**Records for this task:**
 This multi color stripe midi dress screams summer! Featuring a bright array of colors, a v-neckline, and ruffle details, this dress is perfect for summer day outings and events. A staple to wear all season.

---

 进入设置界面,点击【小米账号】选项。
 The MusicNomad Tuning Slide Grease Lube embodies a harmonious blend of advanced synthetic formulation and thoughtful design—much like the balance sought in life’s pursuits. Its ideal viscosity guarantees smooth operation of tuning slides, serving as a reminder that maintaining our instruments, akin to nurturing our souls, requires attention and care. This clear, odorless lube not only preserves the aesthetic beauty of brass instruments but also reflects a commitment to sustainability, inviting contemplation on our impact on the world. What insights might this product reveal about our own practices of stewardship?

...

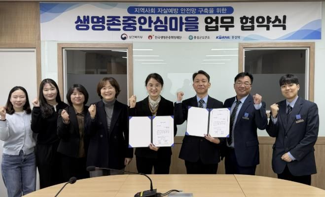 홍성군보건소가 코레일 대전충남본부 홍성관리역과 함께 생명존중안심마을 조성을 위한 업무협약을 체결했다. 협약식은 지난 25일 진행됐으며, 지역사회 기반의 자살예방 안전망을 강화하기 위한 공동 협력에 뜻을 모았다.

**Exercise details:**
Once the line with "进入设置界面,点击【小米账号】选项。" is found in the records above, print exactly that line and every line after it through the line with "The MusicNomad Tuning".

**Solution to this task:**
 进入设置界面,点击【小米账号】选项。
 The MusicNomad Tuning Slide Grease Lube embodies a harmonious blend of advanced synthetic formulation and thoughtful design—much like the balance sought in life’s pursuits. Its ideal viscosity guarantees smooth operation of tuning slides, serving as a reminder that maintaining our instruments, akin to nurturing our souls, requires attention and care. This clear, odorless lube not only preserves the aesthetic beauty of brass instruments but also reflects a commitment to sustainability, inviting contemplation on our impact on the world. What insights might this product reveal about our own practices of stewardship?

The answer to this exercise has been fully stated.